- **EXTRACTED MATERIAL**:
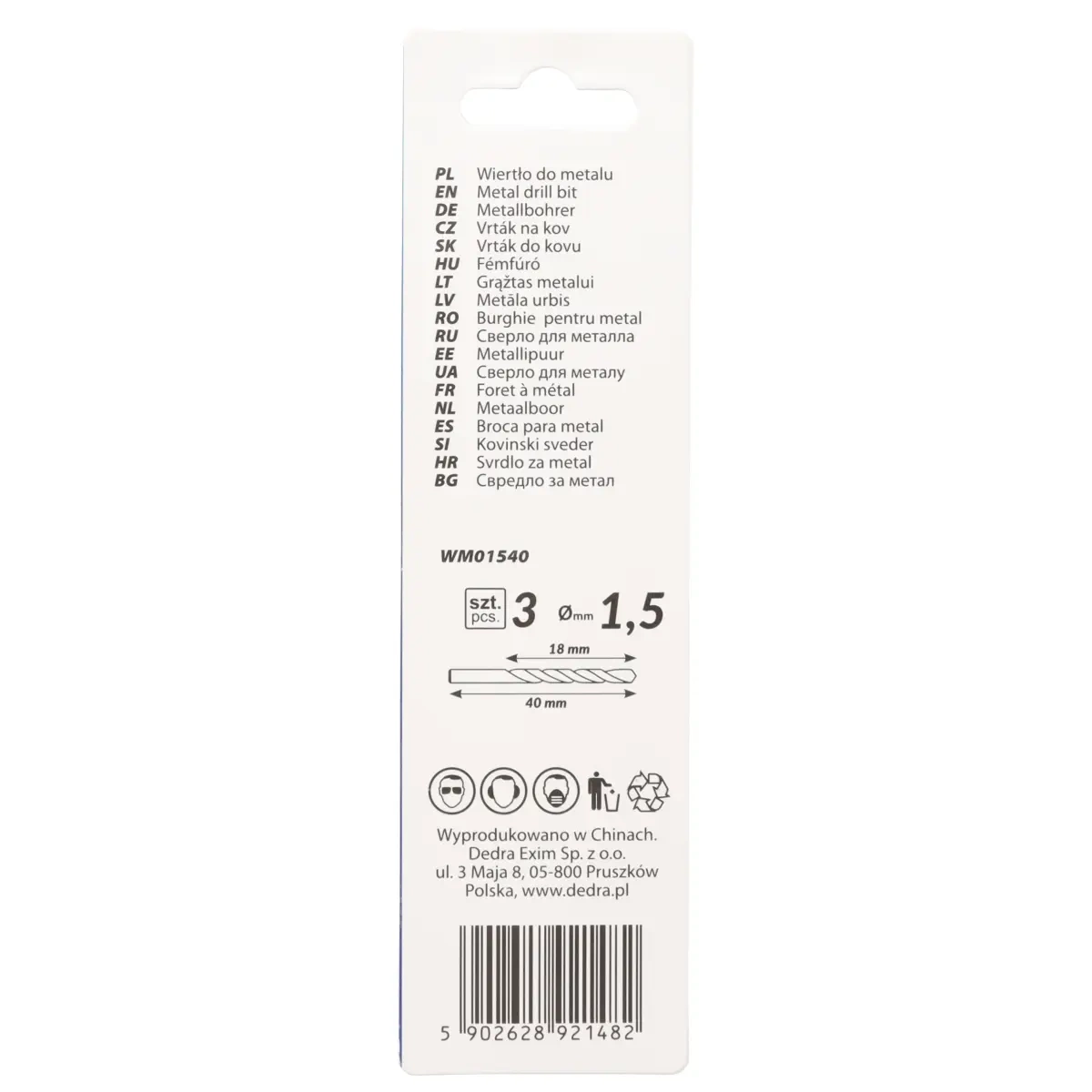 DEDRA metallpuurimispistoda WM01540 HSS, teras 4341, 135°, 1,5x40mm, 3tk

* * *

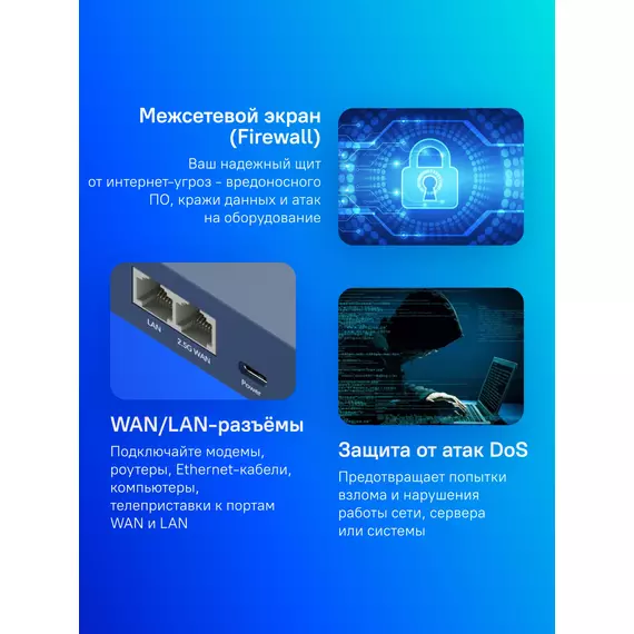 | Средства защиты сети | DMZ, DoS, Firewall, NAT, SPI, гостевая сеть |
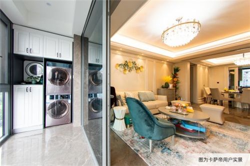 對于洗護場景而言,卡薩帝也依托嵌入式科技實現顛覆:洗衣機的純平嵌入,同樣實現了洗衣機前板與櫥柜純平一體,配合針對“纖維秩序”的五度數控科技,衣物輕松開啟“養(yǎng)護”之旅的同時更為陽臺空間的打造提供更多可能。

- **WORK INSTRUCTIONS**: In the data above, the stretch from the line with "гостевая сеть |" through the line with "對于洗護場景而言,卡薩帝也依" is to be returned exactly, minus any pictures.

- **OUTPUT OF THE TASK**:
 | Средства защиты сети | DMZ, DoS, Firewall, NAT, SPI, гостевая сеть |
 對于洗護場景而言,卡薩帝也依托嵌入式科技實現顛覆:洗衣機的純平嵌入,同樣實現了洗衣機前板與櫥柜純平一體,配合針對“纖維秩序”的五度數控科技,衣物輕松開啟“養(yǎng)護”之旅的同時更為陽臺空間的打造提供更多可能。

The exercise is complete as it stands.